▶ Task details
Omit the images and return the remaining entries unchanged.

====

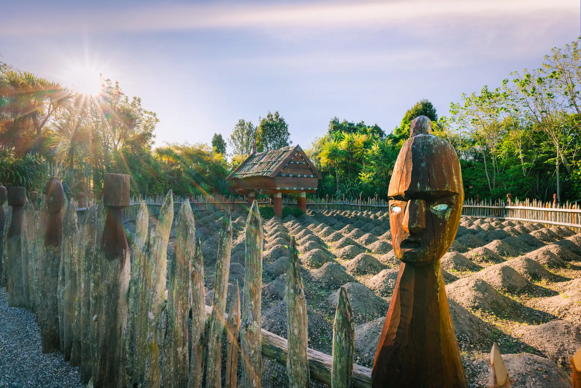 Long before Hamilton Gardens existed, this land was home to Ngaati Wairere. Around 700 years ago, their paa sites lined the Waikato River, and the fertile soils made this area a horticultural hub. The first gardeners here grew kuumara, taro, and other crops brought on the Tainui waka (canoe) from Polynesia. Growing kuumara in this cooler climate required incredible skill – planting in mounds to capture warmth, following the Maramataka calendar, and using techniques passed down through generations. That ingenuity and connection to the land is something we’ve sought to honour in every design decision.
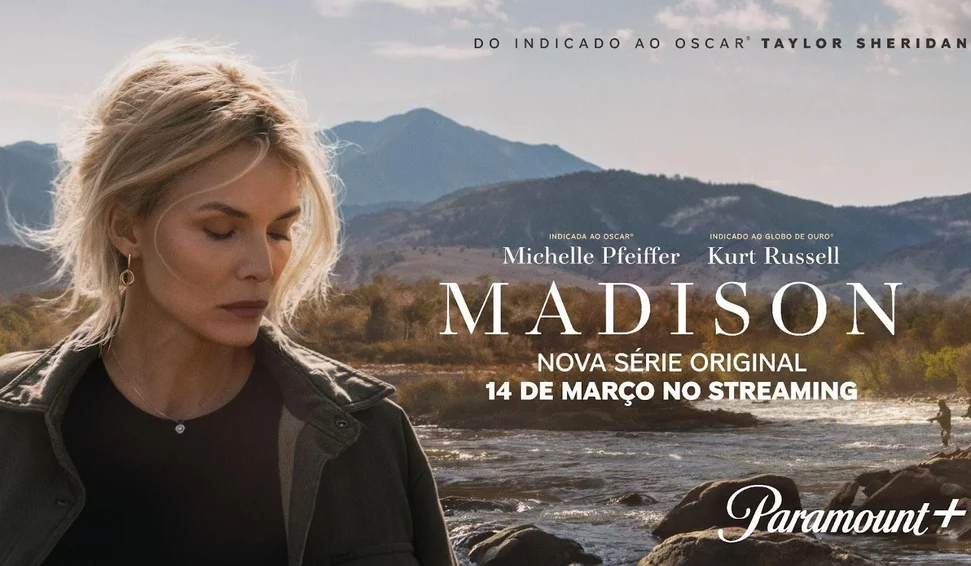 SÃO PAULO, FEVEREIRO DE 2026 - O Paramount+ acaba de divulgar o trailer e pôster oficial de MADISON, série original que se aprofunda em uma história de amor que é contada por meio de um drama familiar íntimo sobre resiliência e transformação. Criada pelo indicado ao Oscar® Taylor Sheridan, a série é estrelada pela também indicada ao Oscar® Michelle Pfeiffer e pelo indicado ao Globo de Ouro® Kurt Russell.
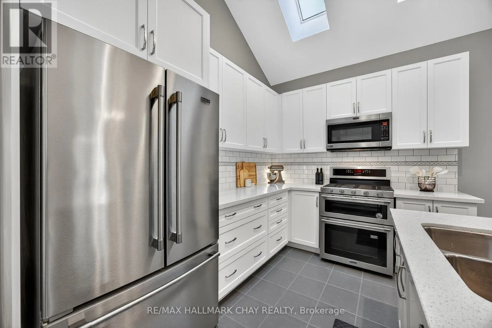 14th Line / Ponte Vecchio Ln Stunning Bungalow Townhome in the luxurious adult lifestyle community of Briar Hill! This "like new" home has been immaculately maintained and updated by the original owner. The bright, open-concept main floor features soaring vaulted ceilings, two skylights, and an oversized patio door that fills the space with natural light. Enjoy hardwood floors and an upgraded trim package throughout the main level, including the spacious primary bedroom. The modern white kitchen boasts quartz countertops, a large island, and an upgraded pantry wall offering ample storage. The primary suite includes two closets and a private ensuite bathroom. A versatile front den provides flexibility to suit your lifestyle-perfect as an office, gym, sitting room, or second bedroom. The garage offers both inside access and direct backyard access for maximum convenience. The peaceful, private backyard features a raised deck and lower interlocked patio, ideal for entertaining or relaxing. Fully finished basement includes oversized above grade windows, guest room retreat, a spa-inspired bathroom with an upgraded Jacuzzi tub, a cozy rec room with a gas fireplace, a full-sized laundry room with a sink, and a massive storage area. Nat Gas BBQ Hook Up. Custom Window Coverings. Garage Door Opener. Professionally Painted. Located in a scenic, quiet community surrounded by golf courses and rolling hills, this property combines comfort, convenience, and an active lifestyle. Condo fees cover exterior maintenance including windows, roof, driveway, snow removal, and lawn care. (id:27476)
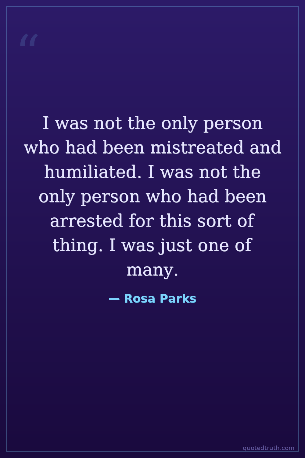 I was not the only person who had been mistreated and humiliated. I was not the only person who had been arrested for this sort of thing. I was just one of many.
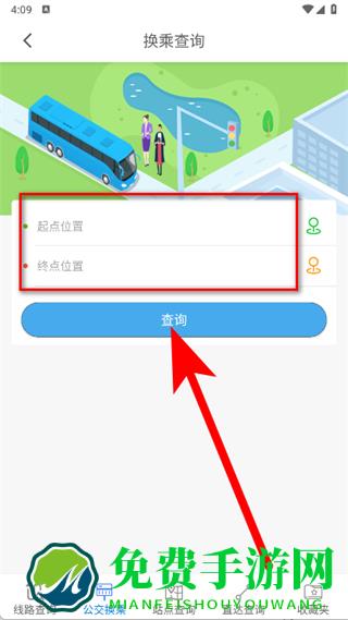 4、填写起点位置和终点位置,点击查询按钮,就能获取公交换乘方案。
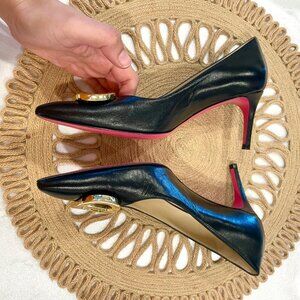 Dee Ocleppo Dee Office Party Logo Pump Black Leather Size EU 38

====

▶ Expected answer
 Long before Hamilton Gardens existed, this land was home to Ngaati Wairere. Around 700 years ago, their paa sites lined the Waikato River, and the fertile soils made this area a horticultural hub. The first gardeners here grew kuumara, taro, and other crops brought on the Tainui waka (canoe) from Polynesia. Growing kuumara in this cooler climate required incredible skill – planting in mounds to capture warmth, following the Maramataka calendar, and using techniques passed down through generations. That ingenuity and connection to the land is something we’ve sought to honour in every design decision.
 SÃO PAULO, FEVEREIRO DE 2026 - O Paramount+ acaba de divulgar o trailer e pôster oficial de MADISON, série original que se aprofunda em uma história de amor que é contada por meio de um drama familiar íntimo sobre resiliência e transformação. Criada pelo indicado ao Oscar® Taylor Sheridan, a série é estrelada pela também indicada ao Oscar® Michelle Pfeiffer e pelo indicado ao Globo de Ouro® Kurt Russell.
 14th Line / Ponte Vecchio Ln Stunning Bungalow Townhome in the luxurious adult lifestyle community of Briar Hill! This "like new" home has been immaculately maintained and updated by the original owner. The bright, open-concept main floor features soaring vaulted ceilings, two skylights, and an oversized patio door that fills the space with natural light. Enjoy hardwood floors and an upgraded trim package throughout the main level, including the spacious primary bedroom. The modern white kitchen boasts quartz countertops, a large island, and an upgraded pantry wall offering ample storage. The primary suite includes two closets and a private ensuite bathroom. A versatile front den provides flexibility to suit your lifestyle-perfect as an office, gym, sitting room, or second bedroom. The garage offers both inside access and direct backyard access for maximum convenience. The peaceful, private backyard features a raised deck and lower interlocked patio, ideal for entertaining or relaxing. Fully finished basement includes oversized above grade windows, guest room retreat, a spa-inspired bathroom with an upgraded Jacuzzi tub, a cozy rec room with a gas fireplace, a full-sized laundry room with a sink, and a massive storage area. Nat Gas BBQ Hook Up. Custom Window Coverings. Garage Door Opener. Professionally Painted. Located in a scenic, quiet community surrounded by golf courses and rolling hills, this property combines comfort, convenience, and an active lifestyle. Condo fees cover exterior maintenance including windows, roof, driveway, snow removal, and lawn care. (id:27476)
 I was not the only person who had been mistreated and humiliated. I was not the only person who had been arrested for this sort of thing. I was just one of many.
 4、填写起点位置和终点位置,点击查询按钮,就能获取公交换乘方案。
 Dee Ocleppo Dee Office Party Logo Pump Black Leather Size EU 38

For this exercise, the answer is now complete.